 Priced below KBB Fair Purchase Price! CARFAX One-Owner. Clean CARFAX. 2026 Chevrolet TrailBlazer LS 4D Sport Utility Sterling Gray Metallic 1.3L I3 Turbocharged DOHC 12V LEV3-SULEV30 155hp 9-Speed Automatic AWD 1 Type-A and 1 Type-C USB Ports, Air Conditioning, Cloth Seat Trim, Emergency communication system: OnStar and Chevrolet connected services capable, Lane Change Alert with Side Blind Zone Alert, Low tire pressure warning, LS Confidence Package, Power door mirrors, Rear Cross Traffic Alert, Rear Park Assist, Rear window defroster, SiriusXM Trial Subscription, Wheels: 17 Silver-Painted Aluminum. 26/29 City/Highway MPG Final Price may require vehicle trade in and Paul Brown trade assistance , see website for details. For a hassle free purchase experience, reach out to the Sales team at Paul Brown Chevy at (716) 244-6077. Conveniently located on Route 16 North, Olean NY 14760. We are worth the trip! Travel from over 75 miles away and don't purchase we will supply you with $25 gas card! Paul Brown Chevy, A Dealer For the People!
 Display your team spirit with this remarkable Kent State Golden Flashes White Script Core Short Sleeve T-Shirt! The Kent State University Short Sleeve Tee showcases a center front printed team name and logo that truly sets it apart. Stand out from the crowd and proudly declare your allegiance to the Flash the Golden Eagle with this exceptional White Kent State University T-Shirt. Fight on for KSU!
...
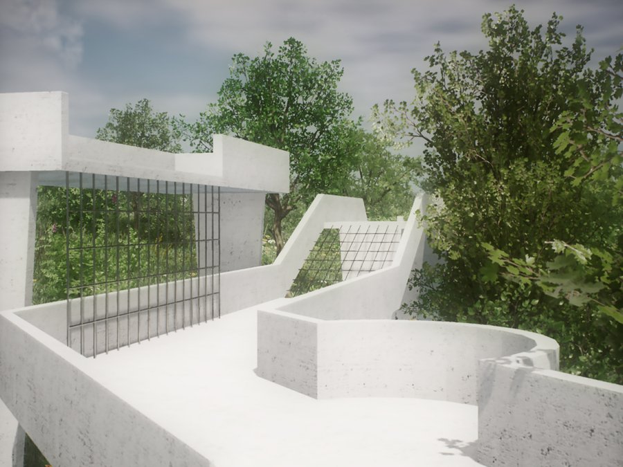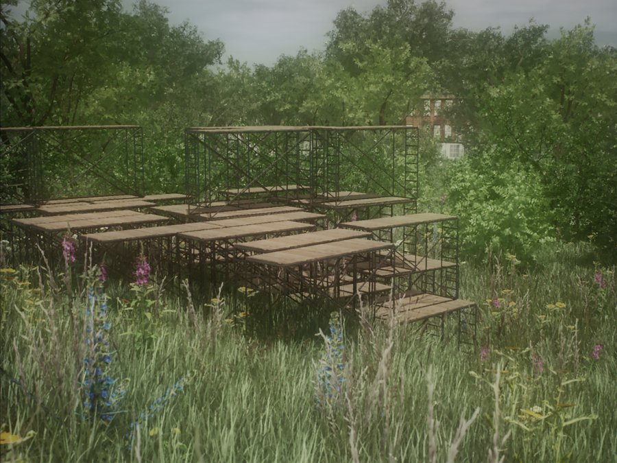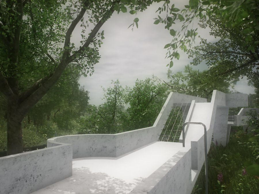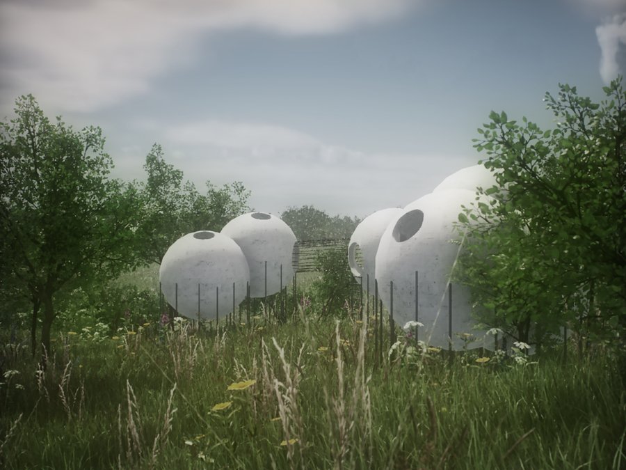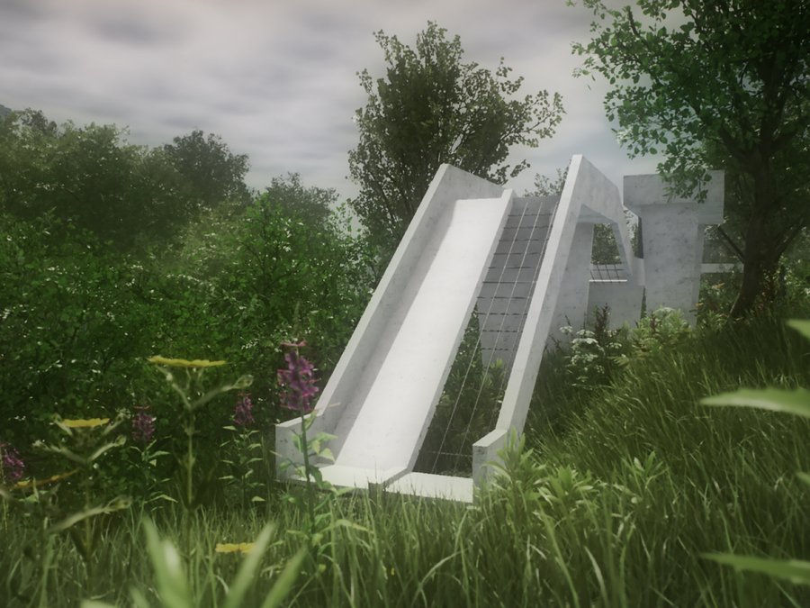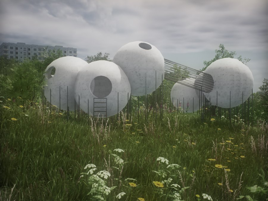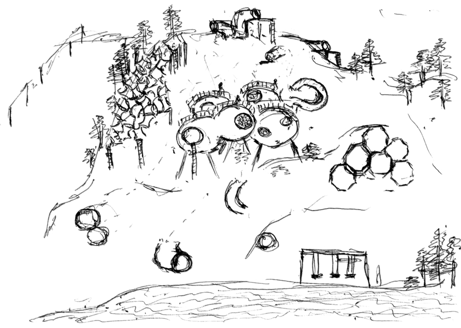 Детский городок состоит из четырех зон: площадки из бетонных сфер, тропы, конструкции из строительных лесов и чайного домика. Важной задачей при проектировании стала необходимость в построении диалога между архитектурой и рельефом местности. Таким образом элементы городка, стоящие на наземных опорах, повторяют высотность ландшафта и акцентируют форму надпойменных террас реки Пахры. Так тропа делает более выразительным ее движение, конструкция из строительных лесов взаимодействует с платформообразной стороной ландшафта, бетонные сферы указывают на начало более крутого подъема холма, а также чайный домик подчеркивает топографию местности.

● **Exercise details**:
Write down exactly the span of lines above from the one containing "Priced below KBB" to the one containing "Display your team", both ends included.

● **Response area**:
 Priced below KBB Fair Purchase Price! CARFAX One-Owner. Clean CARFAX. 2026 Chevrolet TrailBlazer LS 4D Sport Utility Sterling Gray Metallic 1.3L I3 Turbocharged DOHC 12V LEV3-SULEV30 155hp 9-Speed Automatic AWD 1 Type-A and 1 Type-C USB Ports, Air Conditioning, Cloth Seat Trim, Emergency communication system: OnStar and Chevrolet connected services capable, Lane Change Alert with Side Blind Zone Alert, Low tire pressure warning, LS Confidence Package, Power door mirrors, Rear Cross Traffic Alert, Rear Park Assist, Rear window defroster, SiriusXM Trial Subscription, Wheels: 17 Silver-Painted Aluminum. 26/29 City/Highway MPG Final Price may require vehicle trade in and Paul Brown trade assistance , see website for details. For a hassle free purchase experience, reach out to the Sales team at Paul Brown Chevy at (716) 244-6077. Conveniently located on Route 16 North, Olean NY 14760. We are worth the trip! Travel from over 75 miles away and don't purchase we will supply you with $25 gas card! Paul Brown Chevy, A Dealer For the People!
 Display your team spirit with this remarkable Kent State Golden Flashes White Script Core Short Sleeve T-Shirt! The Kent State University Short Sleeve Tee showcases a center front printed team name and logo that truly sets it apart. Stand out from the crowd and proudly declare your allegiance to the Flash the Golden Eagle with this exceptional White Kent State University T-Shirt. Fight on for KSU!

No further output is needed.